British Airways is buying a privately owned French airline, L'Avion, for £54m as part of its plans to boost the number of flights between France and the United States following the liberalisation of transatlantic air travel.

BA's OpenSkies unit, which launched its maiden flight from Paris last month, was established to exploit the treaty of the same name between the US and Europe, which allows airlines to fly from any European country, not just their home nation.

L'Avion flies two Boeing 757 aircraft between Paris Orly and Newark, which, once the deal with BA is completed, will add to OpenSkies' existing daily service between Orly and New York JFK. The price BA is paying includes the £26m held in cash.

Willie Walsh, the chief executive of BA, said: "L'Avion is a successful airline that has built up a premium business between Orly and New York in a relatively short period of time. It has many synergies with OpenSkies, and buying it provides OpenSkies with a larger schedule and an established customer base in the Paris-New York market."

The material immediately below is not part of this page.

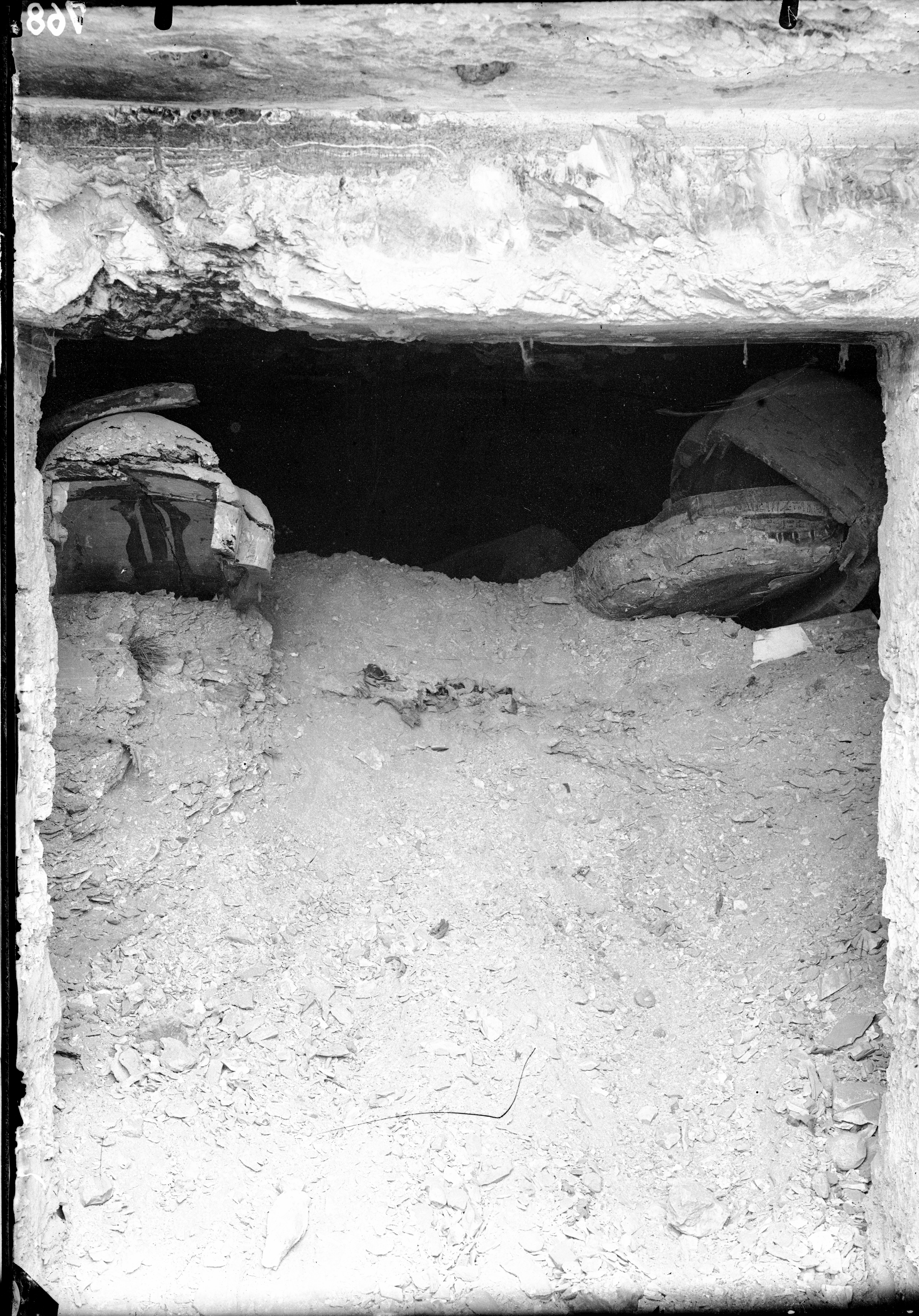 L’ingresso alla tomba del principe Sethherkhepeshef (QV43) al momento del rinvenimento, con il consistente deposito di schegge di calcare e sabbia progressivamente trasportato all’interno del passaggio da ripetuti episodi alluvionali. Sulla superficie superiore sono ben visibili resti di sarcofagi che potrebbero essere giunti anch’essi insieme ai depositi alluvionali, oppure (più probabilmente) derivare dal riutilizzo di questa tomba in epoche successive. Scavi Schiaparelli.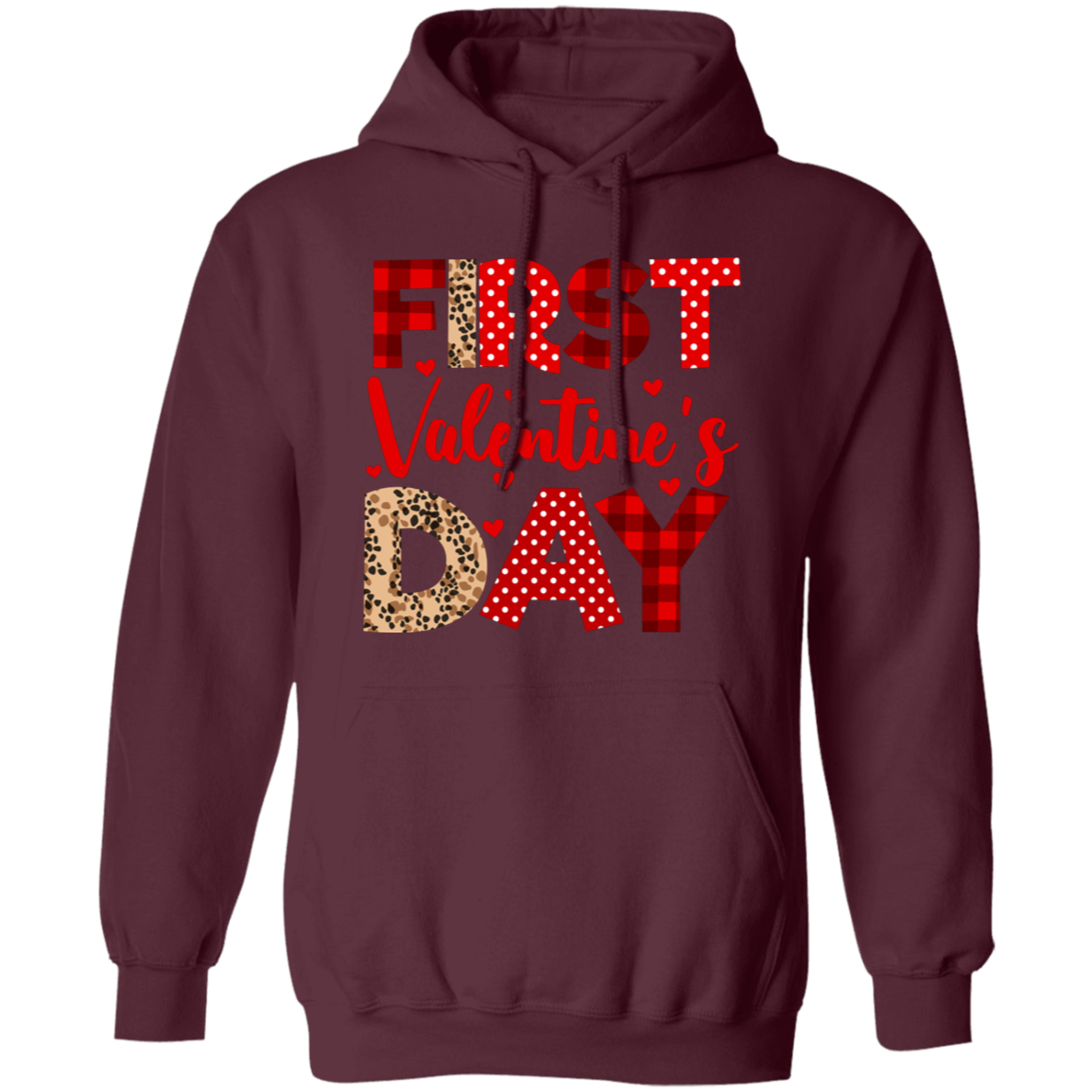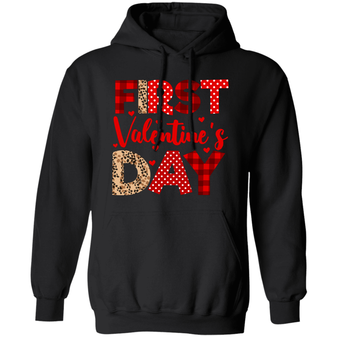 First Valentine's Day, Cute Valentine, Heart Pattern Pullover Hoodie

Christophe Bejach, the co-founder and chairman of L'Avion, said: "We are happy to merge our operation with OpenSkies. This transaction will strengthen our current base... Our staff will benefit from the ambition and recognised expertise of the buyer and our customers will have access to an even better service."

L'Avion is the last business class-only carrier after Silverjet, Eos and MAXJet Airways all came to grief. OpenSkies' existing 757 jetliner has 52 premium seats and only 30 in economy class and BA is planning a business-only service from London City to New York next year. A number of other airlines, including Continental, Air France, United Airlines and Delta have all launched transatlantic routes since the Open Skies treaty came into effect in April, although BA is the only one to create a new subsidiary business.

Mr Walsh is so keen to establish a strong presence in the new market that he risked a strike from one of the company's most powerful unions, the British Air Line Pilots Association, which was objecting to new pilots for the OpenSkies unit being hired on less attractive terms than colleagues flying in the mainline operation. After some months of negotiation, the High Court action was withdrawn in May.